Pre-draft measurables
| Height | Weight | Arm length | Hand span | 40-yard dash | 10-yard split | 20-yard split | 20-yard shuttle | Three-cone drill | Vertical jump | Broad jump | Bench press |
| 5 ft 11+5⁄8 in (1.82 m) | 223 lb (101 kg) | 31 in (0.79 m) | 9+1⁄2 in (0.24 m) | 4.42 s | 1.62 s | 2.59 s | 4.19 s | 6.90 s | 39.0 in (0.99 m) | 10 ft 7 in (3.23 m) | 25 reps |
All values from Pro Day

===Los Angeles Chargers===
Cox was signed by the Los Angeles Chargers as an undrafted free agent on April 28, 2019. He was waived on August 31, 2019, during final roster cuts.

===Denver Broncos===
Cox was signed to a reserve/futures contract by the Denver Broncos on February 17, 2020. He was waived on September 5, 2020, during final roster cuts and was re-signed to the team's practice squad the following day. Cox was elevated to the active roster and made his NFL debut on October 18, 2020, in an 18–12 win over the New England Patriots before being reverted to the practice squad the following day. He was elevated to the active roster for the team's week 7 game against the Kansas City Chiefs, and reverted to the practice squad again after the game. He was promoted to the active roster on October 31, 2020. Cox was waived on December 11, 2020, and re-signed to the practice squad four days later. On January 4, 2021, Cox signed a reserve/futures contract with the Broncos.

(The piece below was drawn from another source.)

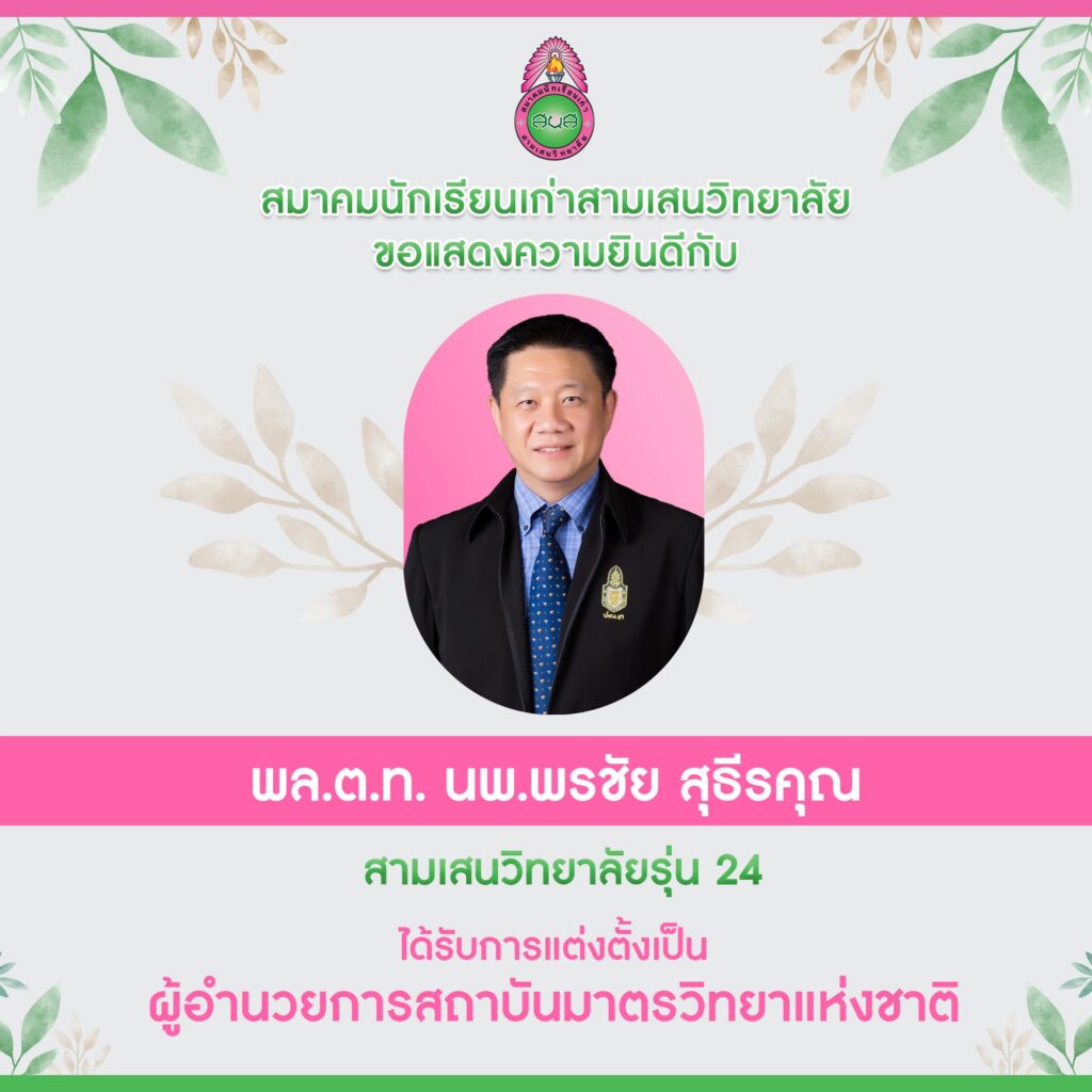 สมาคมนักเรียนเก่าสามเสนวิทยาลัย ขอแสดงความยินดีกับ พล.ต.ท.นพ. พรชัย สุธีรคุณ สามเสนวิทยาลัยรุ่นที่ 24 ในโอกาสที่ได้รับการแต่งตั้งให้ดำรงตำแหน่ง ผู้อำนวยการสถาบันมาตรวิทยาแห่งชาติ

He was waived on May 4, 2021.

===Arlington Renegades===
Cox was assigned to the Arlington Renegades of the XFL on January 6, 2023. He was released during final roster cuts.

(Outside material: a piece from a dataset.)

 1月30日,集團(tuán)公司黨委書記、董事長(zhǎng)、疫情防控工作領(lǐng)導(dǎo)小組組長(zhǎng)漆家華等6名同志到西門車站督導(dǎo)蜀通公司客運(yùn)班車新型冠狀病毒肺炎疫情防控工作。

=== Houston Roughnecks ===
On April 12, 2023, Cox was signed by the Houston Roughnecks of the XFL. The Roughnecks brand was transferred to the Houston Gamblers when the XFL and USFL merged to create the United Football League (UFL).

=== Arlington Renegades (second stint) ===
On May 22, 2024, Cox signed with the Renegades.